Бурке думал, что можно сделать получше маленького мужского квартета Страйкера. Пригласить прославленного поэта? Полететь с Лоэттой в Рим?
Он не хотел превращать это в состязание. Не хотел, чтобы Лоэтта чувствовала себя призом. Бурке нужна была настоящая Лили, которая говорила бы с ним, к которой можно было бы прикоснуться, обнять… Ему отчаянно не хотелось, чтобы другой мужчина делал с Лили то же самое.
Бурке перешел Мапл-стрит и направился в сторону Главной улицы. Ему постоянно слышалось тиканье часов. Время уходит. Прошел день, а он ни на шаг не приблизился к решению задачи, поставленной прошлым вечером. Нужно найти способ вернуть ее доверие, и сделать это как можно скорее. Об этом Бурке и разговаривал сам с собой уже больше двадцати четырех часов. С той самой минуты, как Лоэтта согласилась поехать с бывшим чемпионом родео. Всю прошлую ночь он думал о Лили. Если уж он не смог сделать так, чтобы Лили оказалась здесь, рядом с ним, пришлось довольствоваться мечтами об этом. Неблагодарное занятие. Бурке долго не мог заснуть. Интересно, заслужил ли Страйкер второй поцелуй? Интересно, с ним сейчас Лоэтта или нет? Бурке не считал себя ревнивым, но теперь понял, почему зависть называют черной.
Он подошел к ее дому и увидел наверху, в окнах ее квартиры, узенькую полоску света. Бурке замедлил шаги. Лоэтта дома? Она одна?

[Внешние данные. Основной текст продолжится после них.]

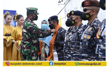 Selesai tradisi penyabutan di dermaga, kegiatan dilanjutkan dengan acara penyambutan Wagub AAL, Wakil Komandan Lantamal XIII Tarakan serta forkopimda di Ball Room KRI Bima Suci oleh Komandan Satgas KJK 2021 dan Palaklat KJK Taruna AAL tahun 2021.

Пробило полночь. Лоэтта бродила по кухне, рассеянно поправляя волосы. На концерте Уэсс изо всех сил пытался развеселить ее, но почему-то ей было очень грустно сегодня вечером. Лоэтту не оставляла мысль о том, что причина возвращения Страйкера в Джаспер-Галч не ограничивалась сломанной лодыжкой и ребрами. Она пыталась заговорить с Уэссом на эту тему, но он молчал. А потом вдруг поцеловал Лоэтту. Не как обычно, медленно и осторожно. Крепко, будто стараясь доказать что-то ей и себе самому. Лоэтта понятия не имела, что на него нашло, но знала одно: это как-то связано с его прошлым. Ох уж эти мужчины с их тайным прошлым!
Пора спать. Отбросив с лица густую прядь волос, Лоэтта, продолжила ходить по пустой тихой квартире.
Вдруг она услышала какой-то странный звук, напоминающий скрежет ножа по стеклу. Она выглянула в окно, чтобы понять, откуда доносился этот звук.
На тротуаре, задрав голову, стоял мужчина, одетый в черное. Он постукивал по разбитому асфальту каблуками ботинок.
Странное, томительное и уже знакомое чувство охватило Лоэтту.
— Бурке, — тихо позвала она. — Что ты здесь делаешь?
Бурке еще выше запрокинул голову, пытаясь разглядеть ее в темном проеме. Уличный фонарь на углу едва освещал его лицо.
— Не могу заснуть, — сказал он, как будто это объясняло все.
— Понимаю, — согласилась Лоэтта, хотя ничего не понимала.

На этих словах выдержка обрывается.